By Manuel Bauer
Robert Tanguary runs a zebrafish facility and use zebrafish as a high throughput in vivo model system to identify bioactive molecules. Essentially, they do rapid systems toxicology using zebrafish models to study the adverse effects of tens of thousands of chemicals beginning with a single-celled zebrafish embryo through a fully formed and functional organism. They can apply many of the same technologies used to analyze cells and disease models in culture systems to analyze whole animal in vivo model systems in a microwell plate format. The facility performs rapid whole animal mechanistic evaluations to identify how molecules act. The ultimate goal is to screen molecules to look for bioactivity and use the responses they elicit in vivo to be able to start predicting chemical activity based on structure.
This is challenging from a practical perspective because they need to do a lot of exposures, identify phenotypes, and identify the concentrations and early molecular perturbations that may underlie these effects. This might include measuring miRNA, mRNA, or protein express levels, for example. The laboratory needed to increase the throughput and robotic pipetting was not up to the task of delivering the chemical dilutions into the wells accurately.
Two important differences in high throughput screening for toxicology compared to drug discovery studies are the broad concentration ranges used to identify an effect and the need to test very large numbers of chemicals to be able to compare their activity and different potency levels. Accurate dispensing is critical. The lab had been running these screenings using robotic liquid handlers for many years, and they had identified inconsistency in their data. The source of that inconsistency turned out to be how the researchers were diluting the chemicals before adding them to the wells.
The solution to the problem was to switch to digital dispensing using technology, which Tecan had integrated into its screening options. This has allowed the lab to dilute chemicals directly from stock solutions into the wells, eliminating all dilution steps, saving time, improving data quality, and dramatically reducing errors. It has greatly streamlined the workflow.

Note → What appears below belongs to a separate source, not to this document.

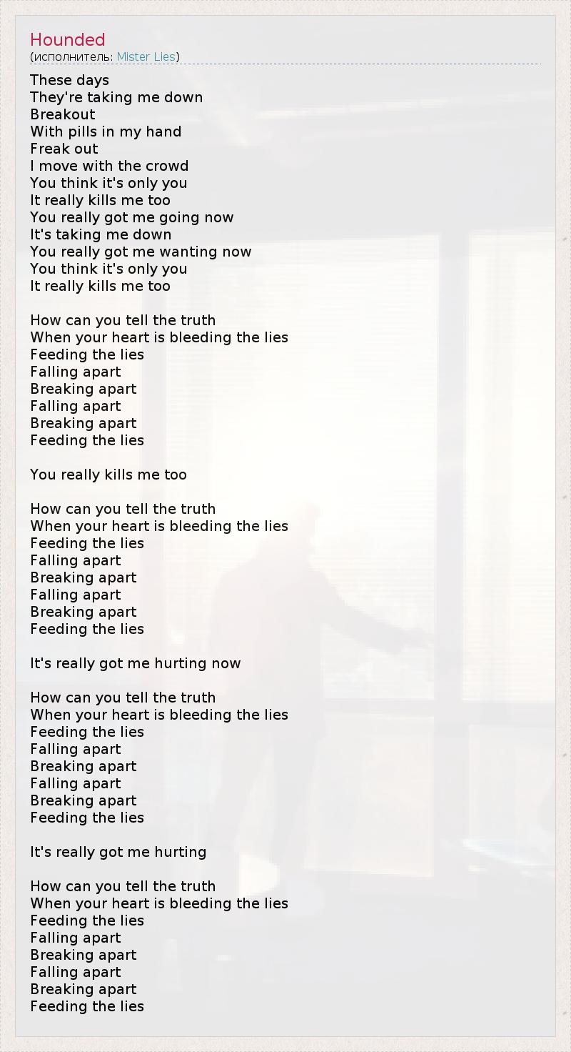 These days They're taking me down Breakout With pills in my hand Freak out I move with the crowd You think it's only you It really kills me too You really got me going now It's taking me down You really got me wanting now You think it's only you It really kills me too How can you tell the truth When your heart is bleeding the lies Feeding the lies Falling apart Breaking apart Falling apart Breaking apart Feeding the lies You really kills me too How can you tell the truth When your heart is bleeding the lies Feeding the lies Falling apart Breaking apart Falling apart Breaking apart Feeding the lies It's really got me hurting now How can you tell the truth When your heart is bleeding the lies Feeding the lies Falling apart Breaking apart Falling apart Breaking apart Feeding the lies It's really got me hurting How can you tell the truth When your heart is bleeding the lies Feeding the lies Falling apart Breaking apart Falling apart Breaking apart Feeding the lies

How does this work? The addition of a chemical to the exposure wells begins with the embryos already in the wells. The digital dispenser releases individual picoliter droplets of chemical from the stock solution until the desired concentration is achieved. We can dispense to plates in any combination of chemicals and concentrations.

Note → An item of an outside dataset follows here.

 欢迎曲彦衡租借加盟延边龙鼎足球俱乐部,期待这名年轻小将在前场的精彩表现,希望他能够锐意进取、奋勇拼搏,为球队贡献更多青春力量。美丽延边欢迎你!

Dr. Tanguary compared the HP D300e Digital Dispenser with liquid handlers and, in some experiments, found dramatic differences in toxicity. He concluded that you could make the completely wrong conclusion simply because you were not dispensing the correct concentration of chemical, even though you had diluted it properly. With robotic pipetting the chemicals do not necessarily get into the wells in the amounts intended (due to sorption losses often related to certain chemical properties), whereas that is not the case with digital dispensing. In one study that compared gene expression levels depending on the chemical delivery system, the difference was >680 fold depending on actual exposure. At these volumes. the HP D300e Digital Dispenser is consistently and significantly more accurate than a liquid handler and has improved the reproducibility of results, increased the speed at which they produce data, and reduced the error rate to almost zero.